REQUIRED ACTION: The expected answer is a verbatim transcription of the lines below, beginning with the first and ending with the line that holds "на 2026 год", without pictures.
== INPUT DATA ==
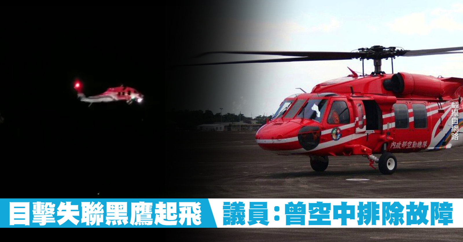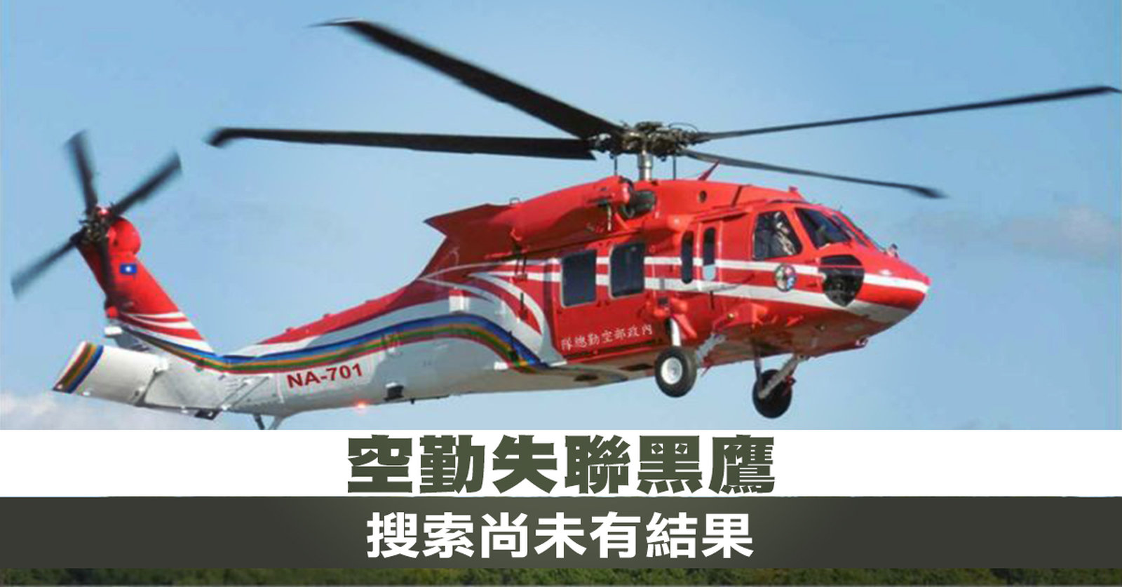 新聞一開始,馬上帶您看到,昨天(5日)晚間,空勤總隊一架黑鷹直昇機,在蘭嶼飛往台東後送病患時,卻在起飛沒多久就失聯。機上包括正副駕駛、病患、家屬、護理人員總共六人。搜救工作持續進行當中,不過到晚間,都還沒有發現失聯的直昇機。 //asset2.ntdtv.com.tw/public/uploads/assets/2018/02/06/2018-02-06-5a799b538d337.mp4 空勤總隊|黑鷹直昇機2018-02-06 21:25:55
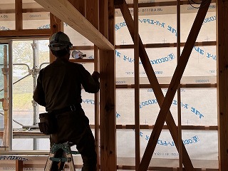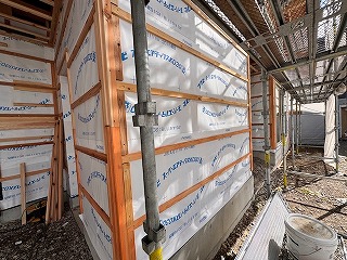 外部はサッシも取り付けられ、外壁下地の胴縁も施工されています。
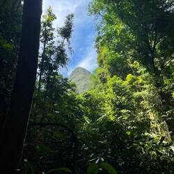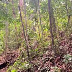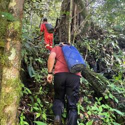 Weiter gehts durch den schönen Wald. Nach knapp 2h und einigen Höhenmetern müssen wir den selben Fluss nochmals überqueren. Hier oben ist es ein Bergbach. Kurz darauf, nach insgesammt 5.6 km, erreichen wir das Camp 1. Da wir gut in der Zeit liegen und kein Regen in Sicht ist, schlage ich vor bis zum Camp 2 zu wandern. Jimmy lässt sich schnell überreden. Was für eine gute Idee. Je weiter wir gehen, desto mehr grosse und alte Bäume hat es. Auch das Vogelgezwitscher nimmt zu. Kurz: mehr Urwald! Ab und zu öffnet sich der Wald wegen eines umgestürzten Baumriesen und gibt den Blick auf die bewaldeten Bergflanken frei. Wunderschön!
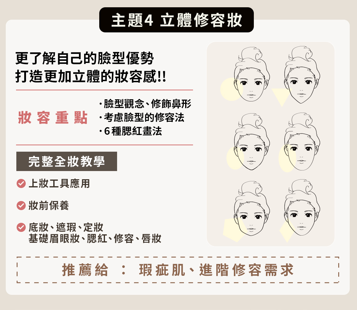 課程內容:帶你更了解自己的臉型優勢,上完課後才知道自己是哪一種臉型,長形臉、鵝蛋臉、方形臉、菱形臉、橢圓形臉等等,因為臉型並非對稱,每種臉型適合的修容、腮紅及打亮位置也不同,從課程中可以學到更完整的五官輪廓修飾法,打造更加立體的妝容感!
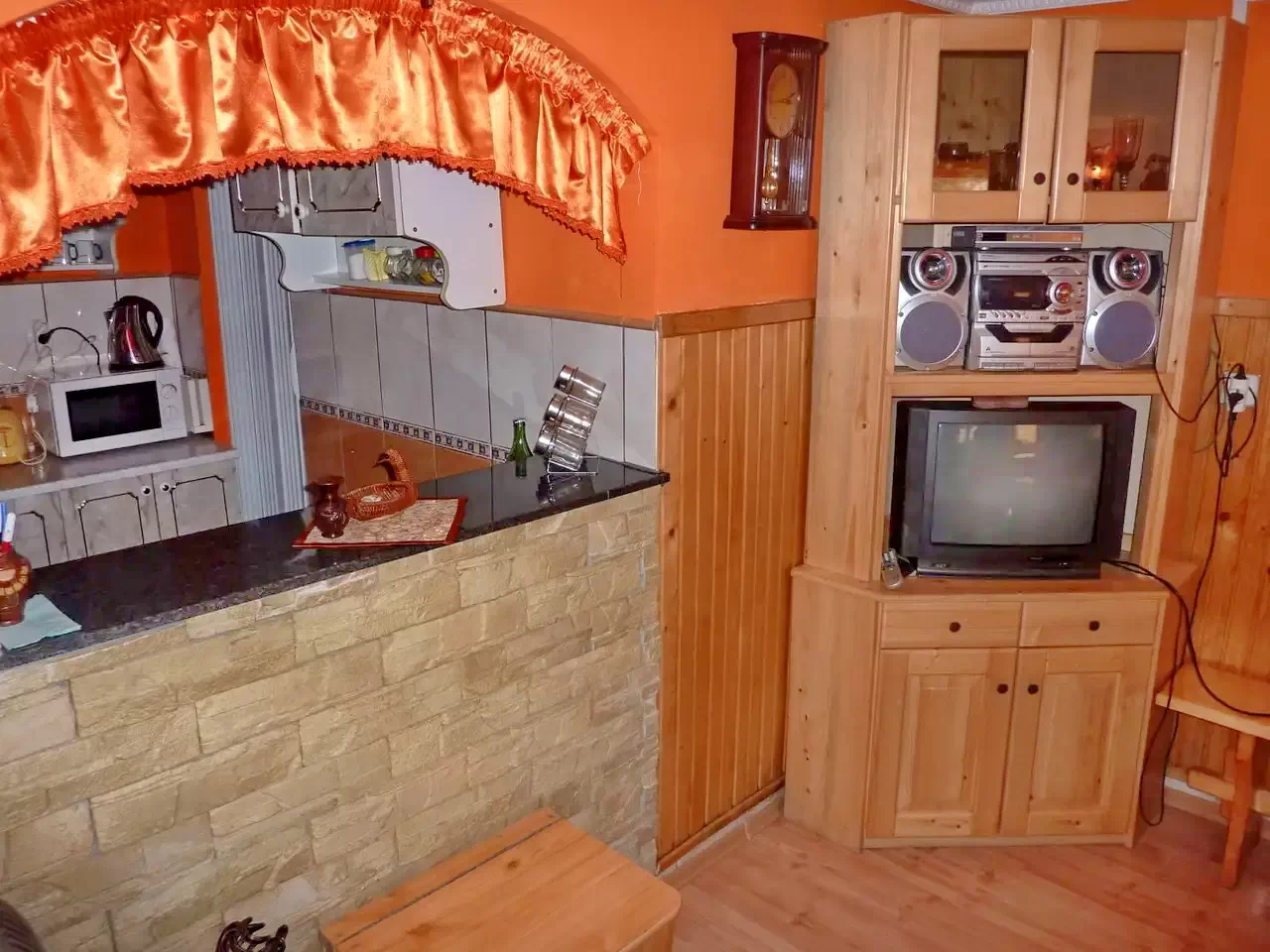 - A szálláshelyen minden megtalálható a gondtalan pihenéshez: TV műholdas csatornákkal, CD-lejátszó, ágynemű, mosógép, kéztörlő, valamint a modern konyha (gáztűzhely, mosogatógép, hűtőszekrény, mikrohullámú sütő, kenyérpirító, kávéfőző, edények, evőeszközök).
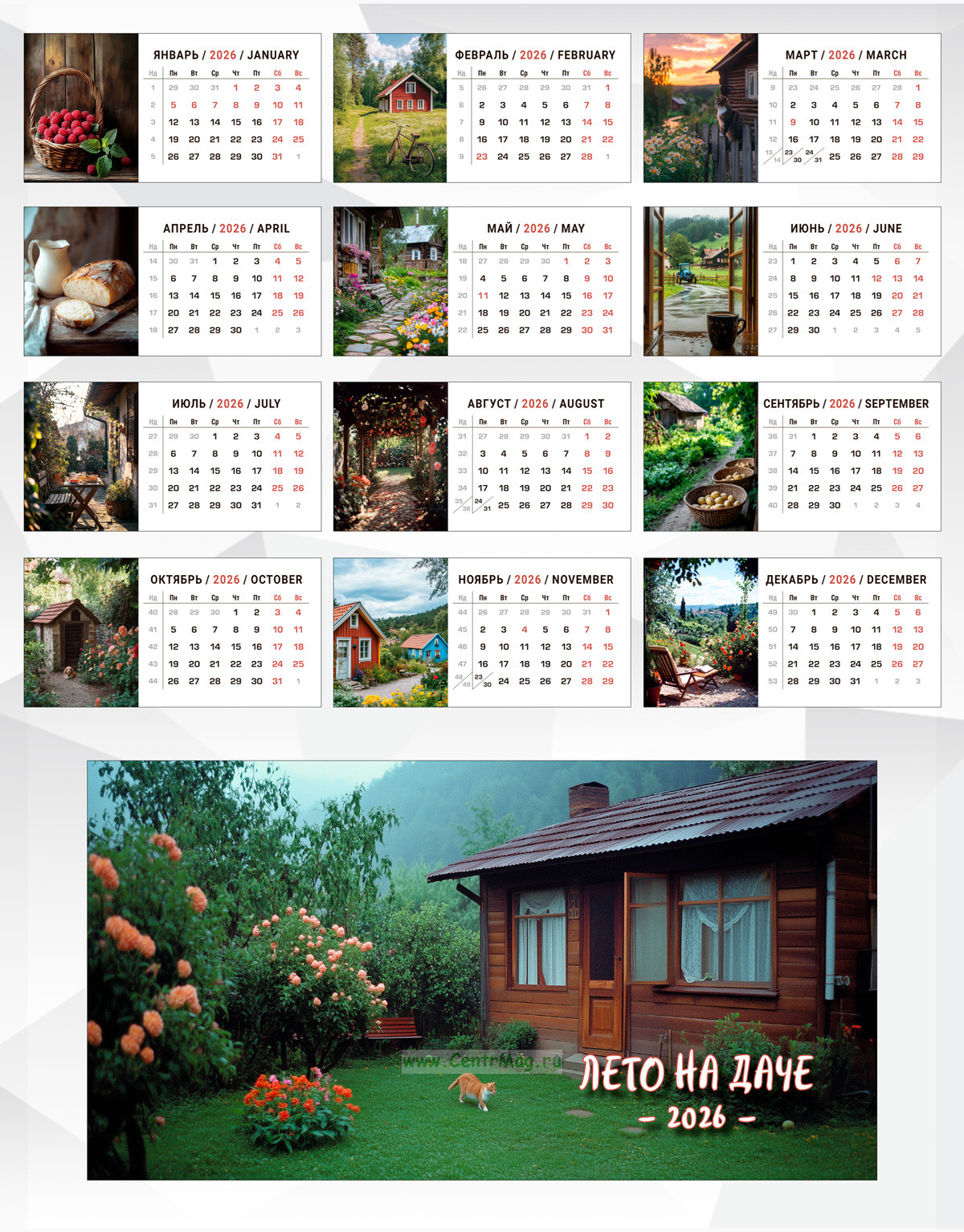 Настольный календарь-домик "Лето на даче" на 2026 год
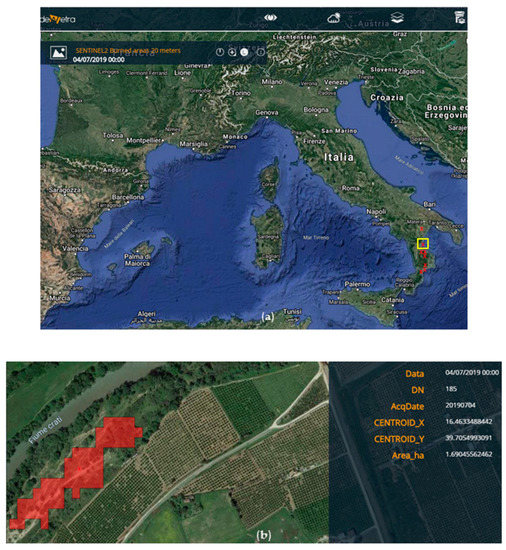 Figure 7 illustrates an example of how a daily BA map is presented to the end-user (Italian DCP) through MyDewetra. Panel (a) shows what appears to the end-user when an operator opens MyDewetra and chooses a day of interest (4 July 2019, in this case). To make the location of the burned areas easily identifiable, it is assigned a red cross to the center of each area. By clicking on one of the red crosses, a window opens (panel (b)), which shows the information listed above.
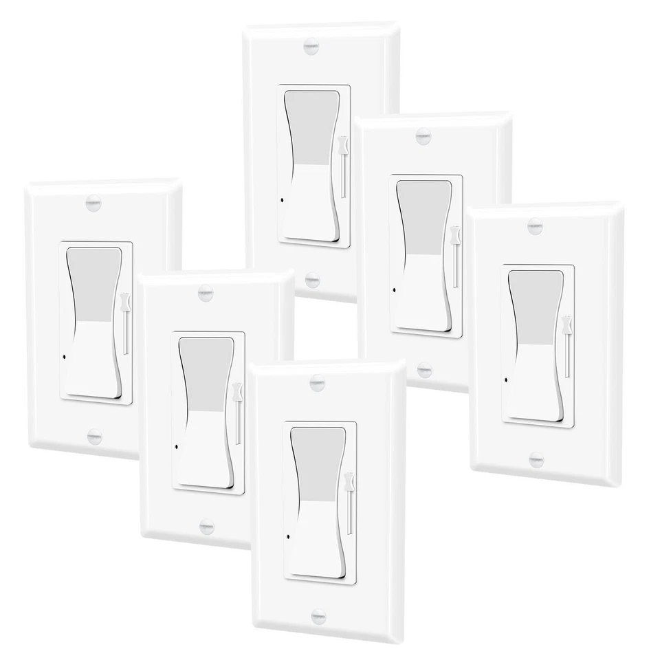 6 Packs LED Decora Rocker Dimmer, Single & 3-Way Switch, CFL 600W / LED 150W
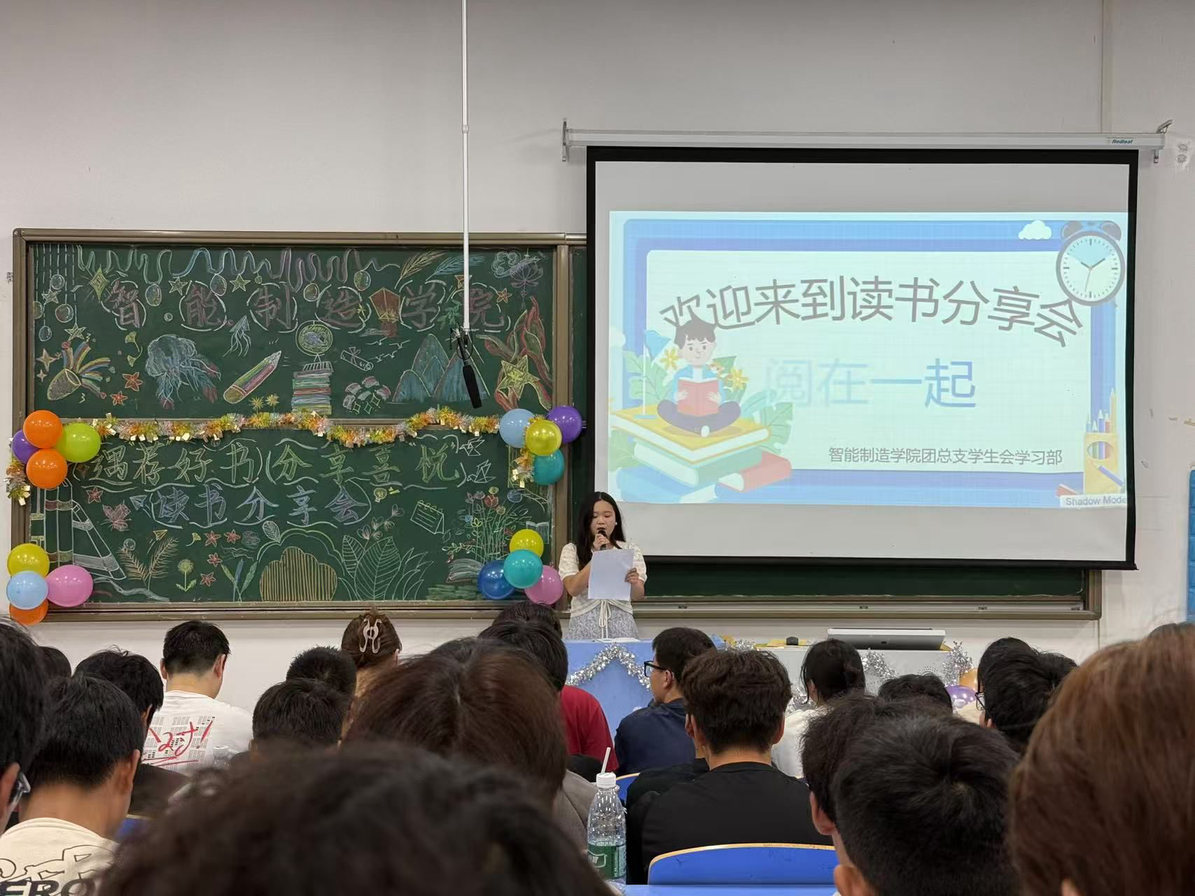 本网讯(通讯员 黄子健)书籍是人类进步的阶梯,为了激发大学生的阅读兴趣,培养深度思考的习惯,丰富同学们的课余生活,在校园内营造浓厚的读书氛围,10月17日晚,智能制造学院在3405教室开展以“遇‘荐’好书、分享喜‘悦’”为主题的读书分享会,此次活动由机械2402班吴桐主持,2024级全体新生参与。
===
SOLUTION FOR THIS PROBLEM:
 新聞一開始,馬上帶您看到,昨天(5日)晚間,空勤總隊一架黑鷹直昇機,在蘭嶼飛往台東後送病患時,卻在起飛沒多久就失聯。機上包括正副駕駛、病患、家屬、護理人員總共六人。搜救工作持續進行當中,不過到晚間,都還沒有發現失聯的直昇機。 //asset2.ntdtv.com.tw/public/uploads/assets/2018/02/06/2018-02-06-5a799b538d337.mp4 空勤總隊|黑鷹直昇機2018-02-06 21:25:55
 外部はサッシも取り付けられ、外壁下地の胴縁も施工されています。
 Weiter gehts durch den schönen Wald. Nach knapp 2h und einigen Höhenmetern müssen wir den selben Fluss nochmals überqueren. Hier oben ist es ein Bergbach. Kurz darauf, nach insgesammt 5.6 km, erreichen wir das Camp 1. Da wir gut in der Zeit liegen und kein Regen in Sicht ist, schlage ich vor bis zum Camp 2 zu wandern. Jimmy lässt sich schnell überreden. Was für eine gute Idee. Je weiter wir gehen, desto mehr grosse und alte Bäume hat es. Auch das Vogelgezwitscher nimmt zu. Kurz: mehr Urwald! Ab und zu öffnet sich der Wald wegen eines umgestürzten Baumriesen und gibt den Blick auf die bewaldeten Bergflanken frei. Wunderschön!
 課程內容:帶你更了解自己的臉型優勢,上完課後才知道自己是哪一種臉型,長形臉、鵝蛋臉、方形臉、菱形臉、橢圓形臉等等,因為臉型並非對稱,每種臉型適合的修容、腮紅及打亮位置也不同,從課程中可以學到更完整的五官輪廓修飾法,打造更加立體的妝容感!
 - A szálláshelyen minden megtalálható a gondtalan pihenéshez: TV műholdas csatornákkal, CD-lejátszó, ágynemű, mosógép, kéztörlő, valamint a modern konyha (gáztűzhely, mosogatógép, hűtőszekrény, mikrohullámú sütő, kenyérpirító, kávéfőző, edények, evőeszközök).
 Настольный календарь-домик "Лето на даче" на 2026 год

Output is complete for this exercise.